Saguna Networks Is Sold
Saguna Network Ltd., a pioneer in mobile edge compute (MEC), has been sold to COMSovereign Holding Corp. (Nasdaq: COMS), a U.S.-based vendor specializing in mobile communications. COMSovereign announced this week it will pay $13.1 million in an all-stock transaction to buy Saguna.
At first glance, the price seems a bargain for COMSovereign. Saguna, founded in 2008 and based in Yokneam, Israel, has had small (about $8.2 million) but influential backing from SoftBank Ventures Korea and Akamai Technologies, among others. In 2018 it became the first company to support ETSI-standardized application programming interfaces (APIs) in a commercial MEC platform.
Saguna was also among the first companies to offer Ultra-Reliable Low-Latency Communications (URLLC) MEC solutions not only for carriers, but for enterprises and developers intent on bringing MEC into their 4G/5G/WiFi hybrid networks. It was also listed as a Futuriom 40 company, thanks to its innovations at the network edge.
Saguna doesn’t offer much customer information, and it lists just 23 employees on LinkedIn. But it’s been involved in trials of 5G with the likes of CommScope (Nasdaq: COMM) and Ericsson (Nasdaq: ERIC).
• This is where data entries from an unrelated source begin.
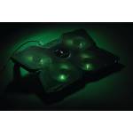 SureFire Bora Gaming Laptop Cooling Pad is suitable for laptops from 12 to 17 inches. The four adjustable green LED illuminated fans achieve a cooling speed of up to 1200RPM. It has two different viewing angles, a non slip base and two hinged stoppers to secure the laptop. There is also an additional USB port. System Requirements: Notebook with USB port or power supply with USB 2.0 and higher (5V/500mA) USB 3.2 Gen 1 or USB 2.0.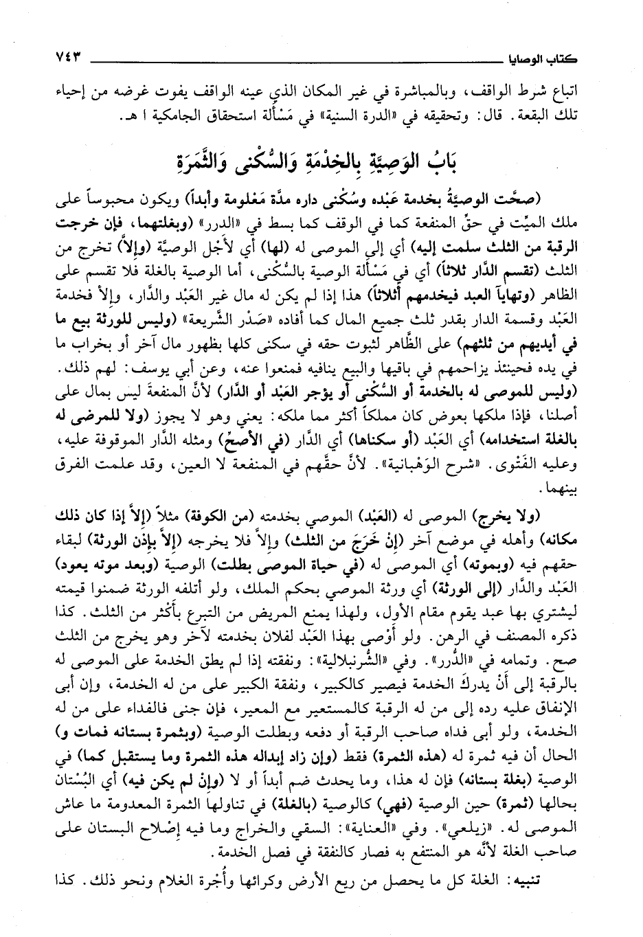 باب الوصية بالخدمة والسكنى والثمرة
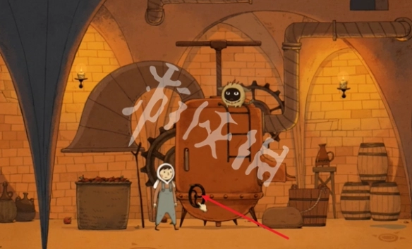1. 促使小怪兽跳到右侧的石头上,小女孩将左边的苹果篮子推过来。

And recently Saguna was picked by Hewlett Packard Enterprise (NYSE: HPE) as the basis for trialing an Intel Xeon-based MEC in a pre-rollout 5G lab trial at Globe Telecom in the Philippines.
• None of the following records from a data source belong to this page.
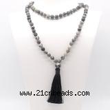 Details: Hand-knotted jasper mala necklaces: 27/54/108 8mm/10mm round matte black water jasper beads & 12mm matte black water jasper guru bead with satin tassel Item: GMN8453 Material: 8mm/10mm matte black water jasper, 12mm matte black water jasper guru bead, tassel & No.72 jade thread [you can choose different guru bead(style) & tassel] Color/Number: No.1: 8mm 27 beads mala necklace (you can't choose style No.3) No.2: 8mm 54 beads mala necklace No.3: 8mm 108 beads mala necklace No.4: 10mm 27 beads mala necklace (you can’t choose style No.3) No.5: 10mm 54 beads mala necklace No.6: 10mm 108 beads mala necklace Style: No.1: matte black water jasper beads mala necklace No.2: matte black water jasper beads & 12mm matte black water jasper guru bead with tassel No.3: matte black water jasper beads, clasp & 12mm matte black water jasper guru bead with tassel (you can choose different clasp) No.4/No.5/No.6: matte black water jasper beads & 11mm/12mm/10mm alloy guru bead with tassel No.7/No.8/No.9/No.10: matte black water jasper beads & 12mm silver/gold/rose gold/ gunmetal zircon ball guru bead with tassel (No.2 - No.10: you can choose different tassel) Length (inch): 27 beads 8mm: approx 9 – 10 inches; 10mm: 12 – 13 inches 54 beads 8mm: approx 18 – 20 inches; 10mm: 23 – 25 inches 108 beads 8mm: approx 37 – 40 inches; 10mm: 46 – 50 inches (Not including guru bead & tassel) Quantity Discount Pricing: 1 – 4: None 5 – 49: 95% 50 – 99: 90% 100+: 85% This mala is available in both 8mm and 10mm beads, The listed price is for 8mm 27 beads mala necklace Style No.1 Custom orders are available upon request!
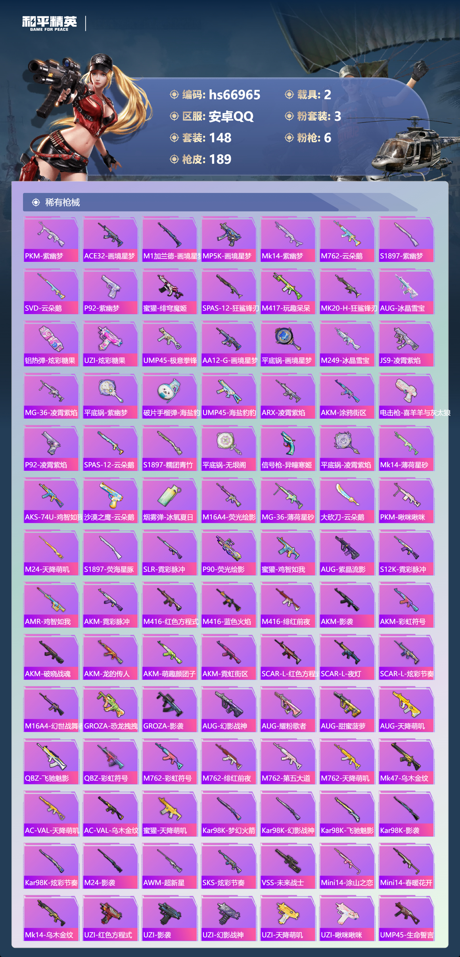 hs66965 安卓手Q-8王牌印记-3粉装-6特效枪-2载具-54141热力值-148套装-189枪皮-2卓越印记-1传奇印记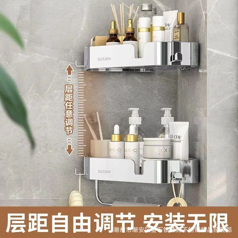 304厚いステンレス三脚浴室コーナーラック物置棚トイレ穴なしトイレ物置棚

COMSovereign: A Mixed Record
COMSovereign, based in Dallas, Texas, operates as a holding company for selected acquisitions. It was formed in December 2019 through the merger of a technology holding company named Drone Aviation with ComSovereign, which was billed in the press release as “a consortium of 5G telecommunications radio, silicon photonics and power systems designed for the next generation of global networks.”
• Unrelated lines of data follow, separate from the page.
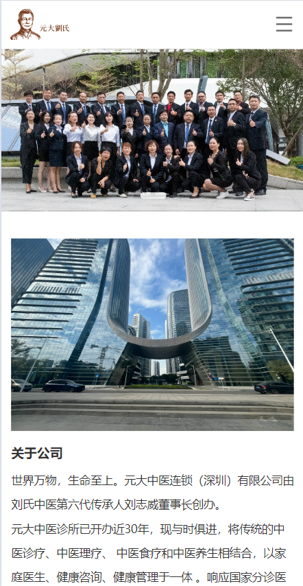 世界万物,生命至上。元大中医连锁(深圳)有限公司由刘氏中医第六代传承人刘志威董事长创办。 元大中医诊所已开办近30年,现与时俱进,将传统的中医诊疗、中医理疗、 中医食疗和中医养生相结合,以家庭医生、健康咨询、健康管理于一体 。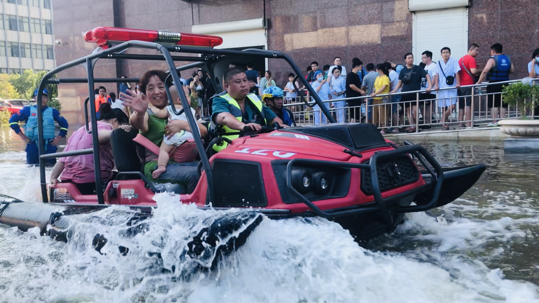 ▴ 7月26日,非凡 捐赠的6台全地形车挺进水情严重的卫辉,参与新乡医学院第一附属医院救援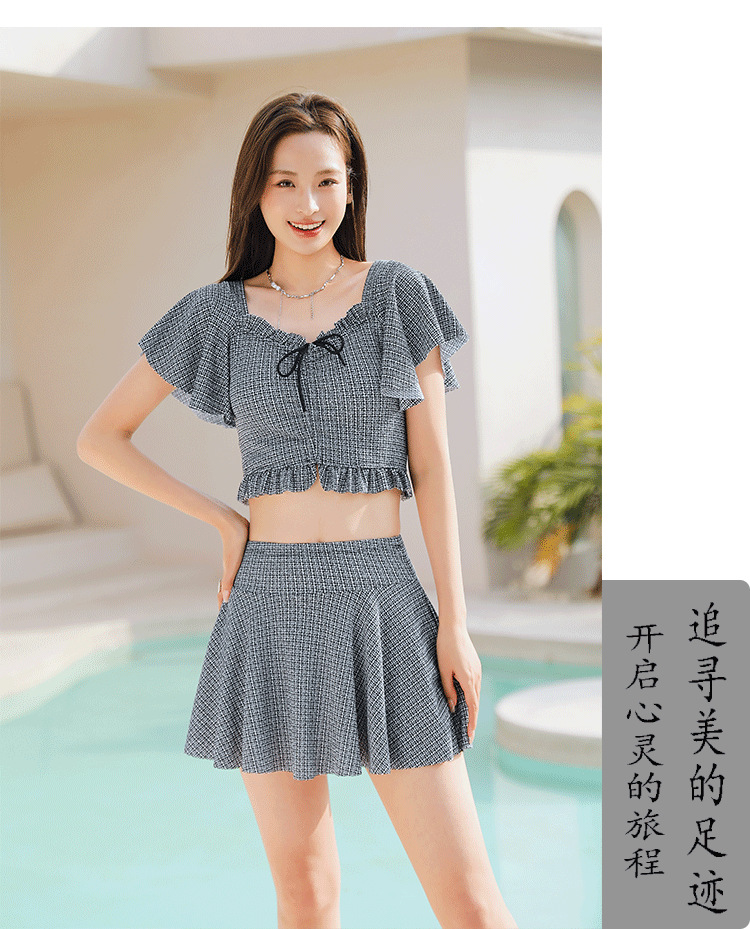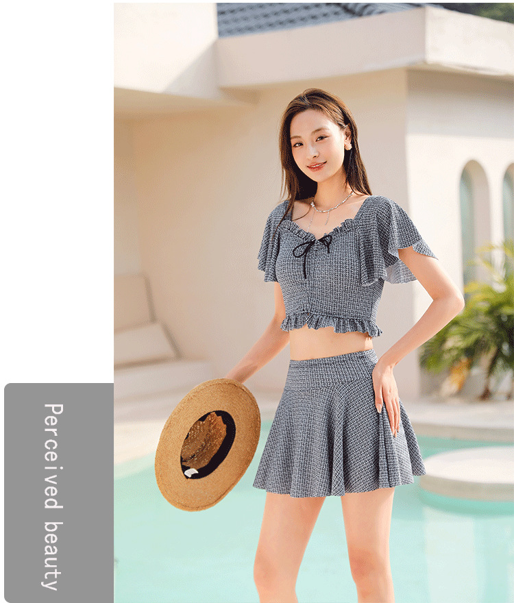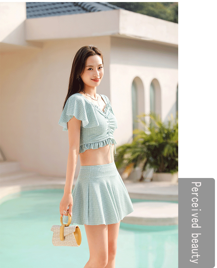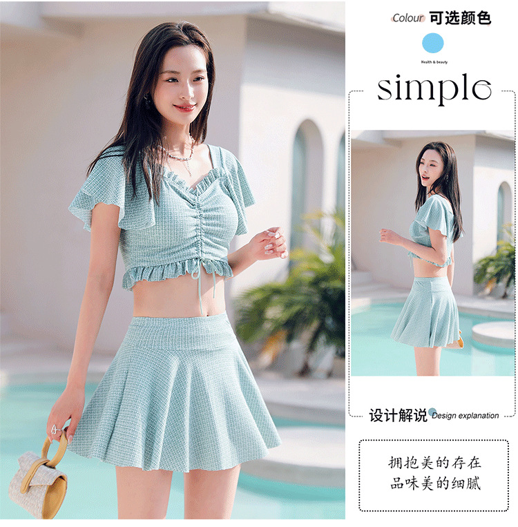 투피스 세트 보수적 슬리밍 2024 새로운 수영복 여성 분할 배꼽 커버 섹시한 신선한 스타일 학생 온천 영원히스토어 가기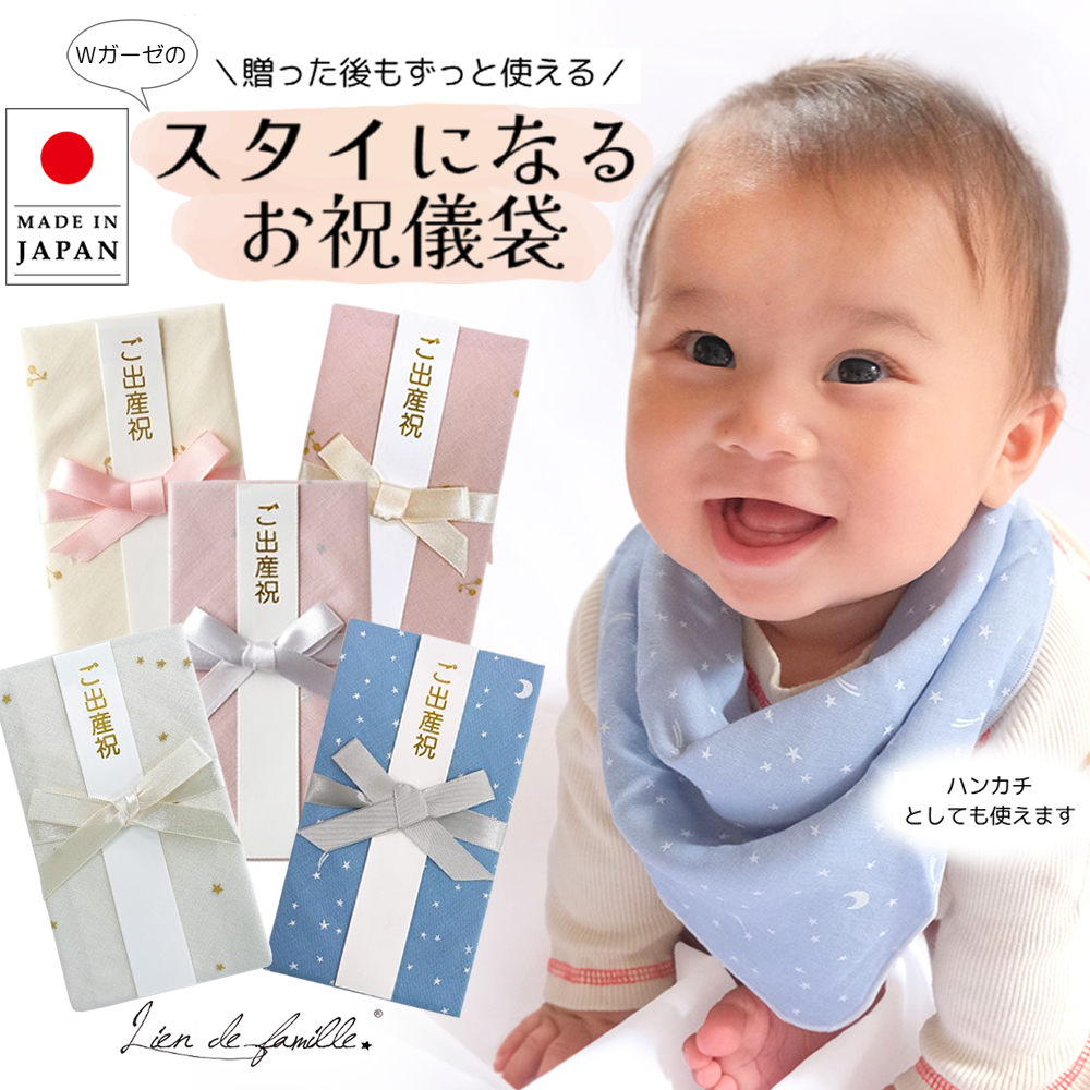 祝儀袋 ご祝儀袋 出産 結婚 お祝い 日本製 Lien de famile リヤンドファミーユ ガーゼ スタイ よだれかけ ハンカチ 綿100% 初節句 おしゃれ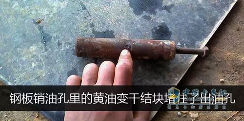 這個方法也是卡友在無意之間發現的,有一個車主的車經常在他那里打黃油,有一個鋼板銷就死活都打不進去黃油,有一天這個車主的車鋼板斷了,正好斷鋼板是打不進黃油那邊。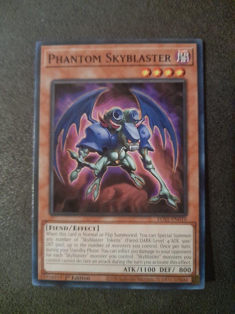 This Yu-Gi-Oh! TCG card features the powerful Phantom Skyblaster, an Egyptian God Deck card with the card number EGS1-EN010. The card is made from high-quality card stock material and has a regular finish. It is a 1st edition card and is in English language. The card is perfect for collectors and players alike, with its unique features and rarity. It belongs to the CCG Individual Cards and Collectible Card Games categories, and is suitable for kids aged 6+. The card is in excellent shape and is sure to be a valuable addition to any collection.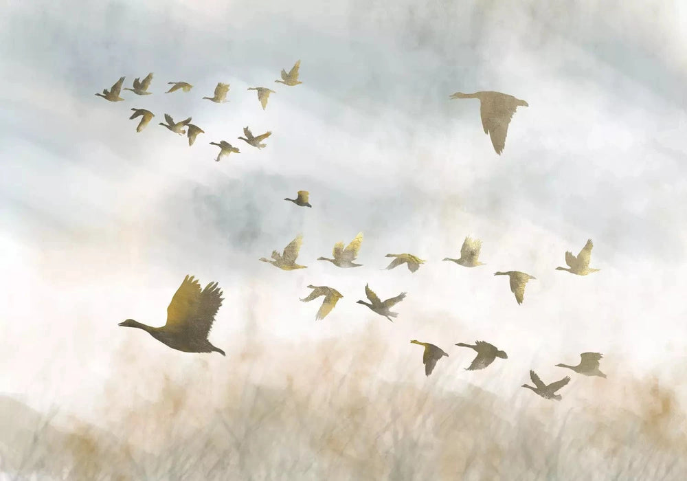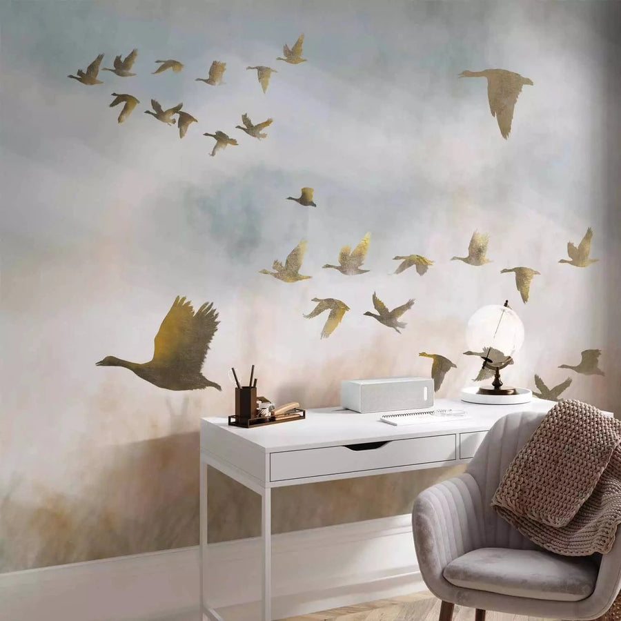 Fototapetes ar vintāžas ziediem - Miglaini ziedi, dzeltena - 143144 G-ART

The renamed COMSovereign debuted on Nasdaq in January 2021 and subsequently raised $39 million from equity offerings. In a business update in April 2021, management reinforced COMSovereign’s mission to become a leading domestic U.S. provider of LTE Advanced and 5G-NR telecom technologies.
But COMSovereign’s track record has been mixed. The holding company has suffered criticism of its management, and recent quarterly earnings showed revenues down 16% year-over-year and gross profit down nearly 30% year-over-year. The company’s earnings release attributed the drop in sales to “the lack of capital available for parts and manufacturing as the capital from two public offerings completed in January and February was deployed towards the end of the period and did not contribute to revenue in the quarter.”
COMSovereign CEO Daniel Hodges defended the company’s numbers during the company’s earnings call with financial analysts:
“Looking across our industry, many of our competitors and peers have recently announced first quarter earnings, showing top line first quarter revenue growth and confirming the large potential of 5G, but this growth is often accompanied by very poor net profitability metrics. Philosophically, we also believe strong earnings is critical to running our business. But net profits are far more important than gross profits, than just seeking high revenues and willingly taking loss leader contracts in an effort to capture market share.”
Bad News or Good?
There are signs that Saguna’s sale to COMSovereign is a lackluster end to a promising company that once competed with the likes of Metaswitch, purchased by Microsoft for reportedly over $270 million in stock.
Saguna’s lack of customers and small funding, despite much public exposure, hint at management, implementation, or go-to-market issues. Perhaps COMSovereign will offer the support required to get Saguna’s products into a wider market. Perhaps the rise of 5G will boost the fortunes of both companies.
Still, COMSovereign itself seems challenged on several fronts. Its approach of wrangling multiple companies into a coherent structure is questionable. Its finances will hopefully improve, but the last report was discouraging. Perhaps its customer base, strong in government sales — reportedly boosted by border protection drones in the southern U.S. -- will be a savior next quarter.
Investors seem underwhelmed by the acquisition of Saguna. In morning trading today, COMSovereign shares were selling for $2.08 (-0.090, -4.15%).